A newly installed Exchange 2010 or later server has the POP and IMAP services disabled. The POP/IMAP settings for the server are also configured with secure default settings, so that if you were to start the services they would operate in a secure fashion by default.
The main concern with POP/IMAP security is the login process. POP/IMAP protocols allow login over unencrypted connections, transmitting login credentials across the network in clear text. By requiring secure logins on the Exchange server the credentials are passed over an encrypted connection, protecting them in transit.
It takes deliberate administrator intervention to remove the security of the POP and IMAP services in Exchange. Unfortunately it is quite common to do so, because POP and IMAP access is often required by legacy applications that may not supported secure login. Other times the excuse is simply that the administrators don’t know how to configure certificates for secure POP/IMAP login to work.
You can check the status of your POP and IMAP services in the Services.msc console or by running Get-Service in PowerShell.
PS C:\> Get-Service -ComputerName EX2016SRV1 -Name MSExchangePOP* Status Name DisplayName ------ ---- ----------- Stopped MSExchangePop3 Microsoft Exchange POP3 Stopped MSExchangePOP3BE Microsoft Exchange POP3 Backend PS C:\> Get-Service -ComputerName EX2016SRV1 -Name MSExchangeIMAP* Status Name DisplayName ------ ---- ----------- Stopped MSExchangeImap4 Microsoft Exchange IMAP4 Running MSExchangeIMAP4BE Microsoft Exchange IMAP4 Backend
For Exchange 2013 or later the frontend and backend services both need to be running.
If you don’t need to enable POP or IMAP services, then there is obviously no point in modifying the POP or IMAP settings to be less secure. Leaving them at the default, secure settings is a good practice in case someone inadvertently enables one of the services.
If you do need to enable POP or IMAP access:
- Verify that secure login is still configured.
[PS] C:\>Get-PopSettings -Server EX2016SRV1 | Select LoginType LoginType : SecureLogin [PS] C:\>Get-ImapSettings -Server EX2016SRV1 | Select LoginType LoginType : SecureLogin
- Start the services, and set them to automatic startup
- Enable an SSL certificate for POP/IMAP services. This can be the same certificate that is used for HTTPS services (OWA, ActiveSync, etc), or it can be a separate certificate. The default, self-signed certificate is unlikely to be suitable as it will cause certificate trust warnings for clients.
- Configure the TLS certificate name on the receive connector used by POP/IMAP clients.
If you’re unsure about your current configuration then you can download and run Exchange Analyzer which check your POP and IMAP settings for you.
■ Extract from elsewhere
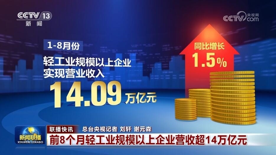前8個(gè)月輕工業(yè)規(guī)模以上企業(yè)營(yíng)收超14萬億元
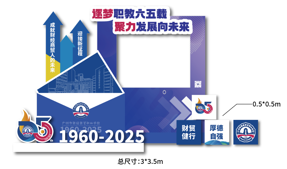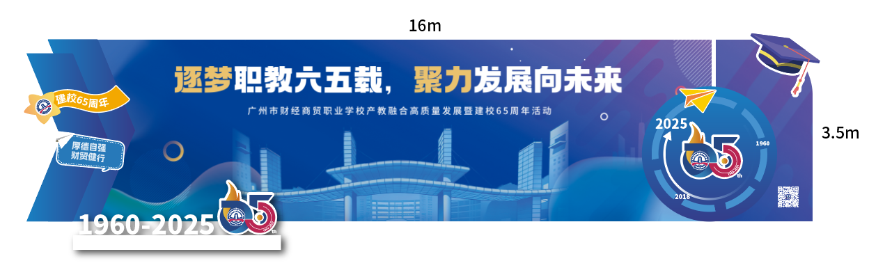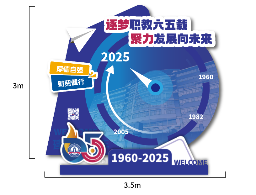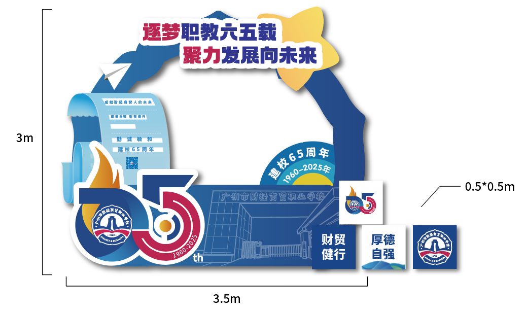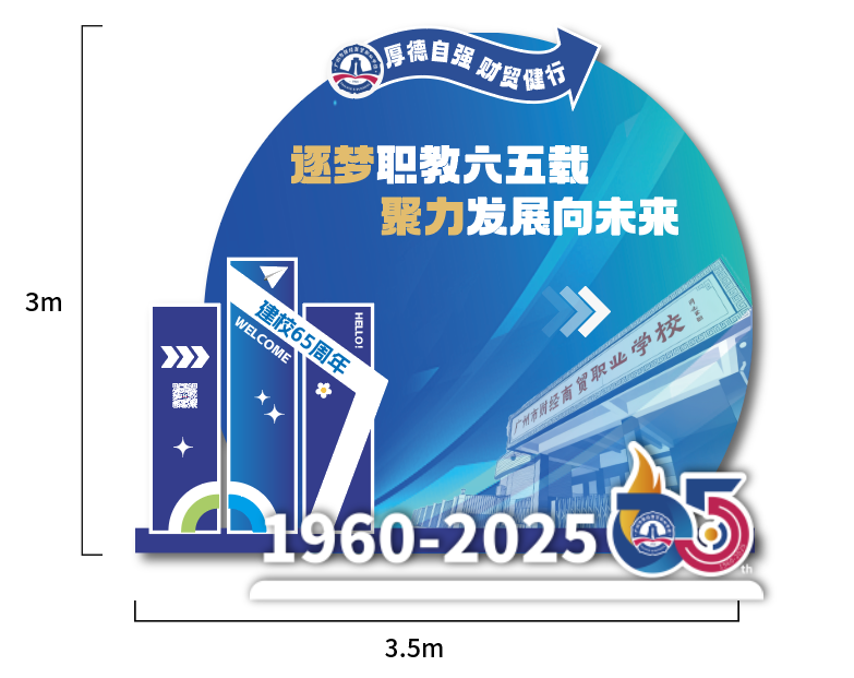 本次65周年校庆视觉设计,实现了学校文化与视觉美感的统一。设计时需要实地精测尺寸、适配材质,兼顾美观实用;安装中更需紧盯细节,校准成品偏差,确保设计高还原落地。这场视觉设计留下的不仅是美观实用的校庆物料,更传递着财贸职校“厚德自强 财贸健行”的精神内核与“逐梦向新”的蓬勃朝气。

What about situations where insecure logins are permitted, and you wish to start enforcing secure logins to comply with best practice? If the risk of insecure clients no longer being able to connect and disrupting your users or applications is a concern, then you can analyze your POP or IMAP protocol logs to locate any IP addresses that are the source of insecure logins. After manually remediating those clients, or if you’re willing to just enable secure logins and take the risk of some clients being disrupted, then you can configure your POP or IMAP settings using the Exchange management shell.
[PS] C:\>Set-PopSettings -Server EX2016SRV1 -LoginType SecureLogin [PS] C:\>Set-ImapSettings -Server EX2016SRV1 -LoginType SecureLogin
A restart of the services is required for the new settings to take effect.